It is a top view which shows a part of vehicle provided with the illuminating device for vehicles of embodiment. It is a schematic block diagram of the headlamp apparatus of the illuminating device for vehicles. It is explanatory drawing for demonstrating the irradiation area by the illuminating device for vehicles. It is explanatory drawing for demonstrating a driver | operator's visual field. It is a schematic block diagram of the headlamp apparatus of the vehicle illuminating device of another example. (A) is a front view of the headlamp apparatus of the vehicle lighting device same as the above, (b) is a side view, and (c) is a plan view. It is explanatory drawing for demonstrating the irradiation area by the vehicle illuminating device same as the above. (A) is a front view of the headlamp apparatus of the vehicle illuminating device of another example, (b) is a side view, (c) is a top view. (A) is a front view of the headlamp apparatus of the vehicle illuminating device of another example, (b) is a top view.

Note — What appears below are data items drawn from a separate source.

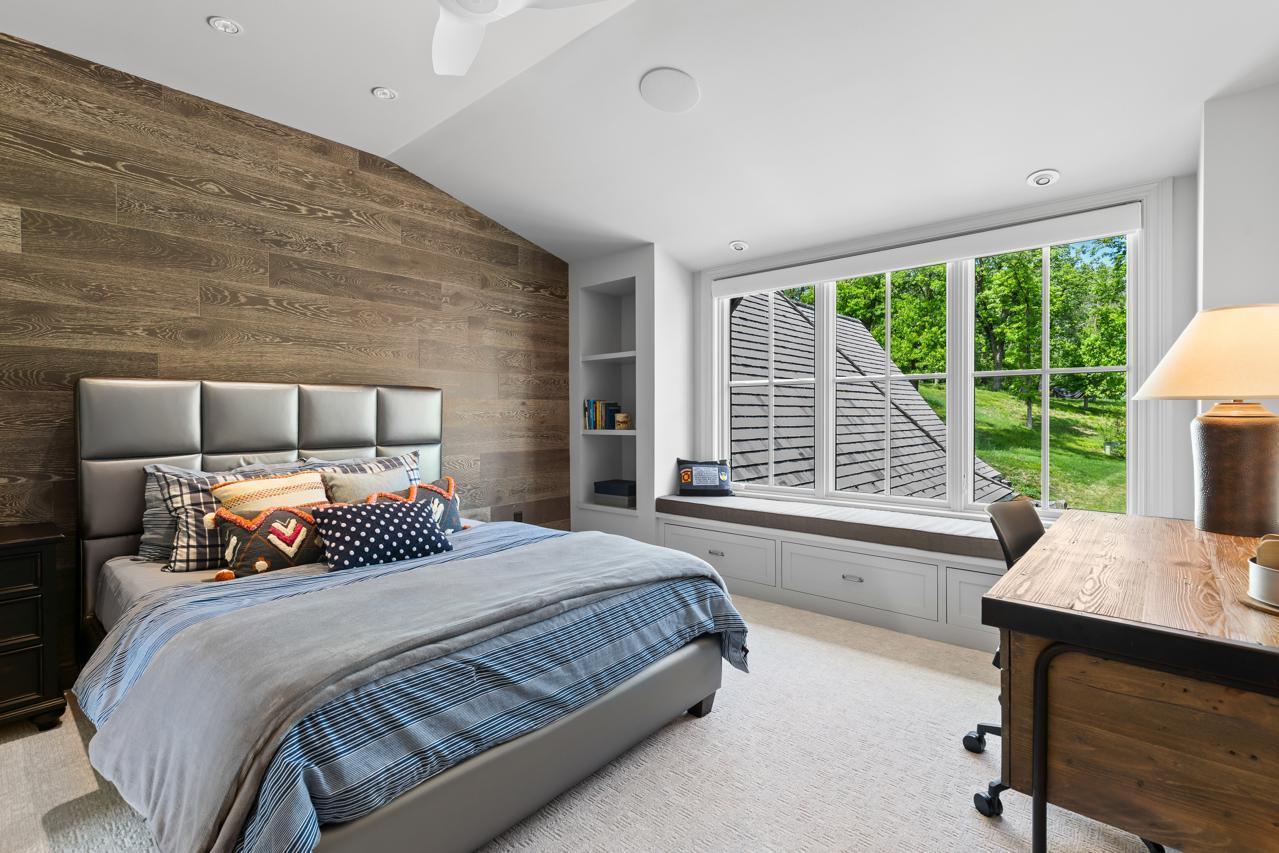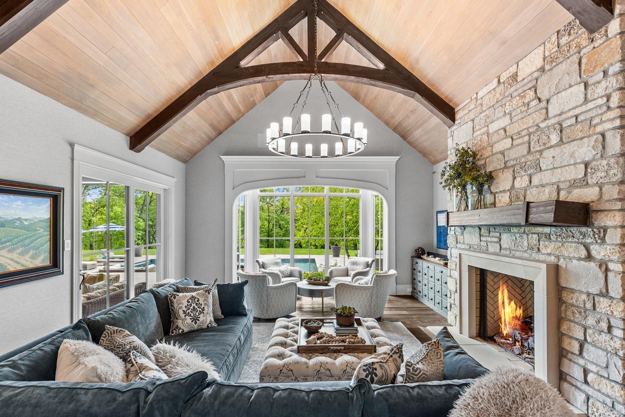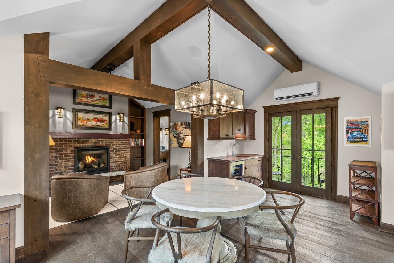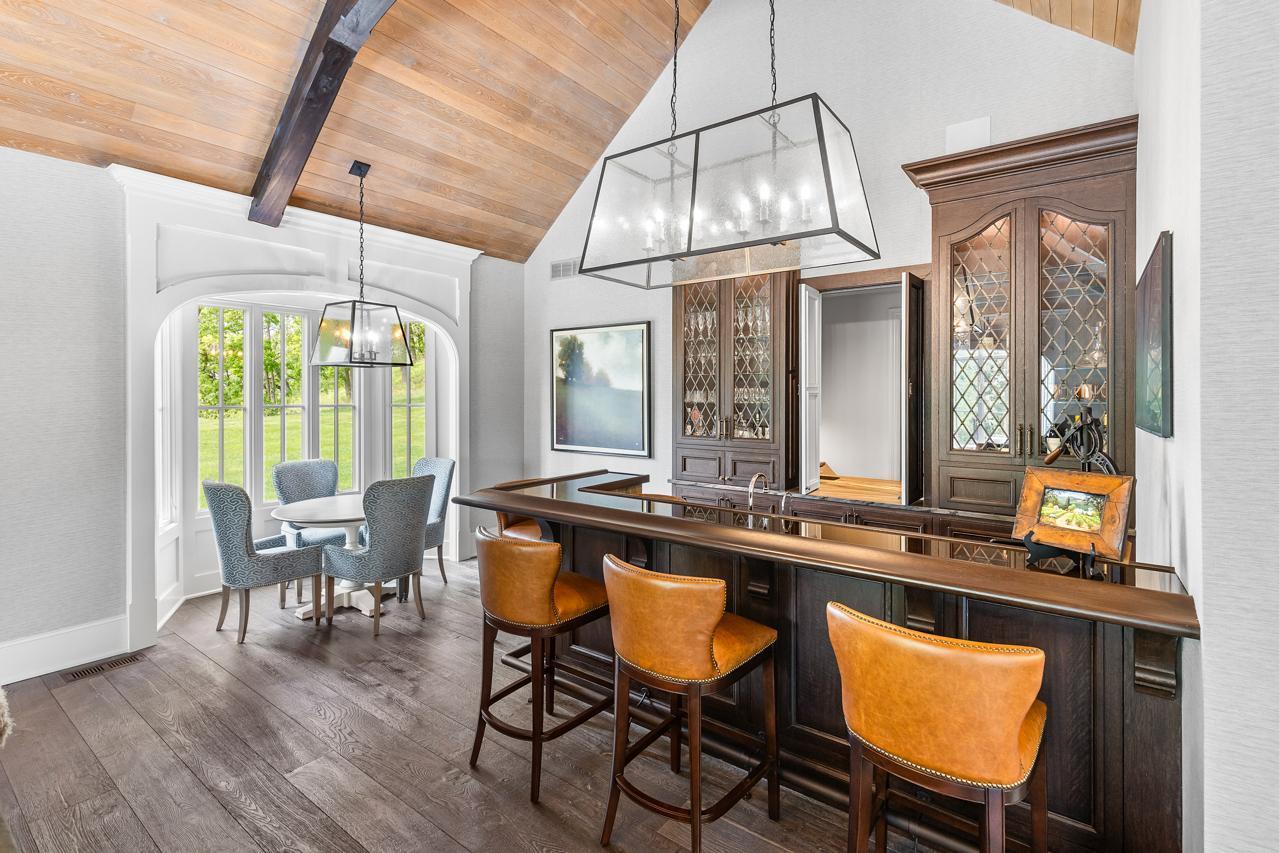 Exquisite Sunfish Lake estate thoughtfully designed by Peter Eskuche and beautifully built by Nor-Son! This breathtaking residence offers an open flowing floorplan showcasing endless nature views at every turn. Enjoy the great room with vaulted ceiling + wood beam accents; spacious gourmet kitchen with dining area & wall of folding glass doors that open to the porch (phantom screens + heaters) and out to the pool. The prep kitchen is ideal for entertaining with additional appliances and window that opens to the bar and great room! Main-level primary suite with spa-like bath (steam shower, heated floor, fireplace) and upper-level offering three junior suites. The lower-level features an additional guest suite; theater area; wet bar; exercise room and sport court! Tranquil backyard retreat with saltwater pool and built-in firepit all surrounded by soaring mature trees. Additional features: Heated extra deep 3-car garage; space for a golf simulator and whole house generator. The carriage house offers a family room, game area, beverage bar, fireplace, ½ bath and additional 4-car heated garage! Private 10.5 acre setting adjacent to Musser Park for additional privacy. Truly a must-see!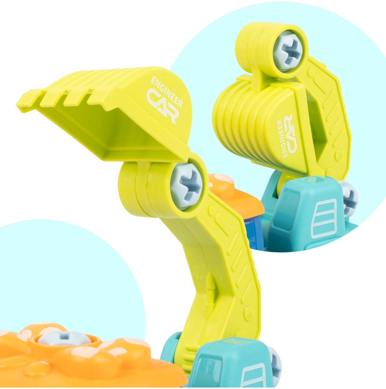 Koparka ma ruchome ramię, a pojazdy robocze zachęcają do zabawy w akcję: ładowanie, przewożenie i praca na placu budowy. Dzięki temu zestaw nie kończy się na samym skręcaniu – po złożeniu zaczyna się druga część zabawy: jazda i scenki.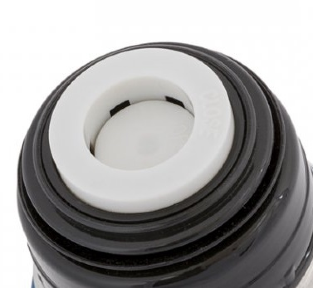 Nerezová termoska s víčkem, které zároveň slouží jako šálek. Uzávěr je tlačítkový, takže se jednoduše ovládá jedním prstem a to dokonce i v rukavicích.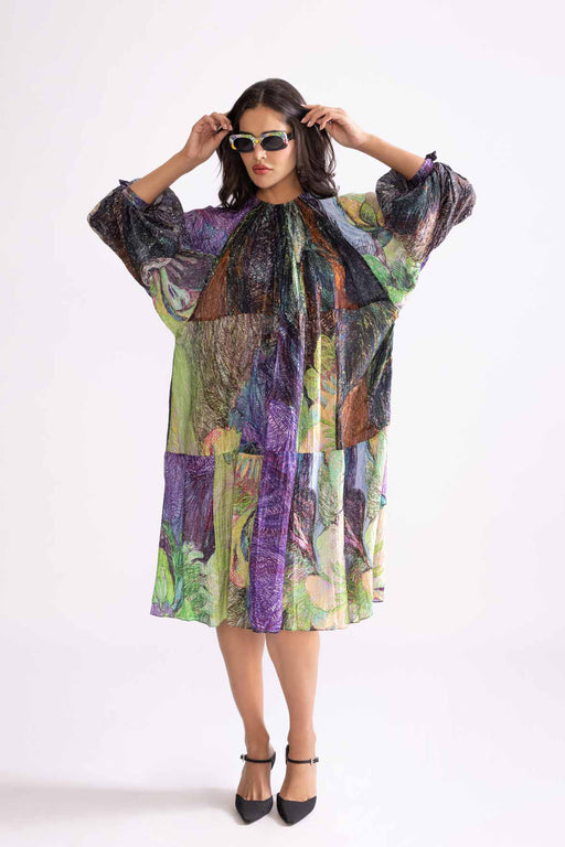 View full detailsTribal Print Batwing Sleeve, High Neck Tiered Midi Dress Multi Daisy Kurta Dress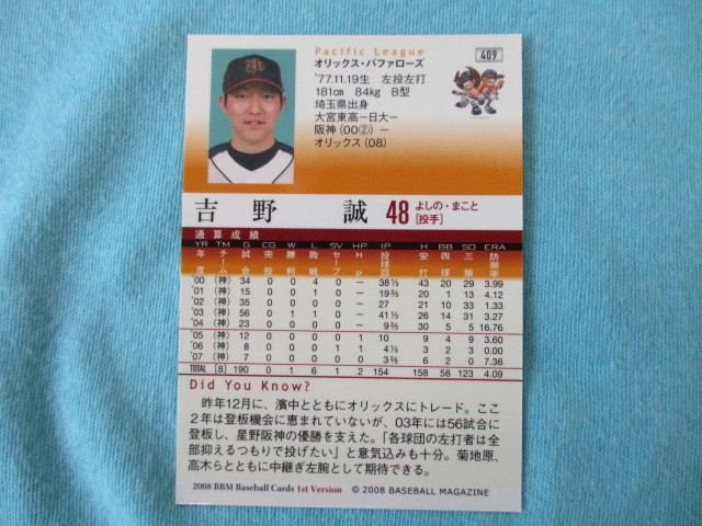 ★BBM 2008★1st Version〔409 吉野誠 オリックス・バファローズ〕トレカ♪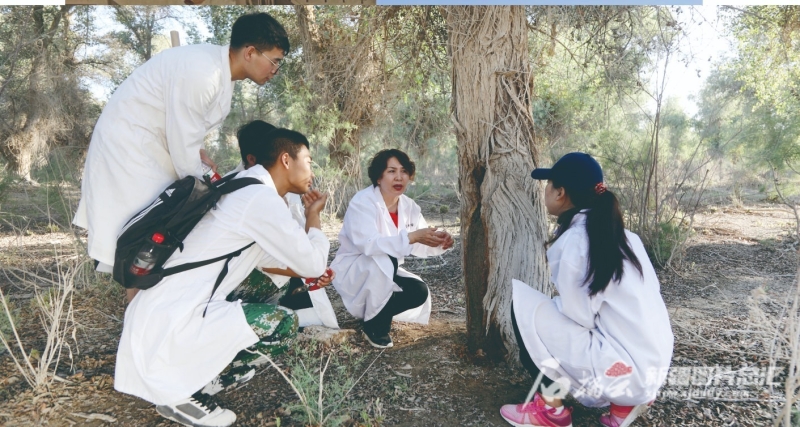 被誉为“胡杨公主”的beat365中文登录入口生命科学与技术学院教授李志军(右二)带领学生在野外考察。余明星摄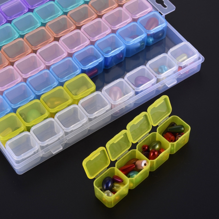 Контейнер Органайзер для Бусин и Фурнитуры Пластиковый, Цветной, 21х17.5х2.7см, 56 отсеков, 2.4х2см, (УТ100029393)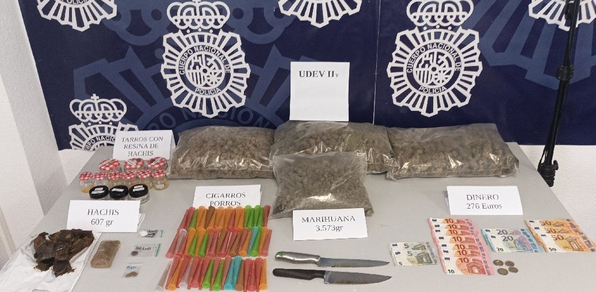 Las numerosas quejas vecinales dieron lugar a una investigación que finalizó con la aprehensión de 3.550 gramos de marihuana, 620 gramos de hachís, 276 euros y dos cuchillos de grandes dimensiones, ha indicado la Policía Nacional en un comunicado.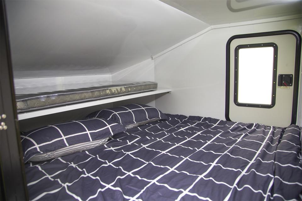 รถพ่วงสำหรับตั้งแคมป์แบบอิสระรถมอเตอร์ไซด์ไฟเบอร์กลาสขนาดเล็กพร้อมฟังก์ชั่นเคลื่อนย้ายได้และรองรับเต็นท์สำหรับตั้งแคมป์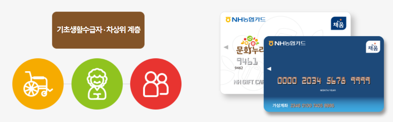 문화누리카드는 기초생활수급자와 차상위계층을 대상으로 문화예술, 국내여행, 체육활동을 지원하는 카드입니다. 이 카드로 공연 관람부터 영화, 전시, 국내여행, 스포츠 관람까지 다양한 문화생활을 즐길 수 있습니다.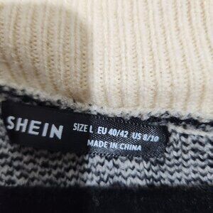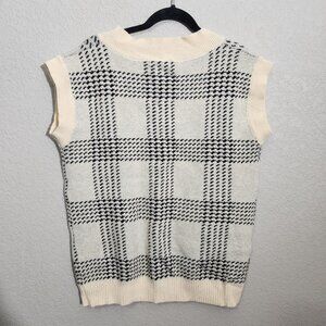 SHEIN Sweater Vest Womens Large Cream Black Check Plaid V Neck Knit Pullover

Hereinafter, an embodiment embodied in a vehicular lighting device of the present invention will be described with reference to the drawings.
As shown in FIG. 1, the vehicle illumination device includes a pair of headlamp devices 11 a and 11 b on the front side in the traveling direction of the vehicle C.

  As shown in FIG. 1, each of the headlamp devices 11a and 11b includes a housing part 12, a first and second light sources 13 and 14, a non-spherical convex lens 15, and a reflection as a partition part. A plate 16. One headlamp device 11a is a headlight device in the left direction of the vehicle C, and the other headlamp device 11b is a headlight device in the right direction of the vehicle C.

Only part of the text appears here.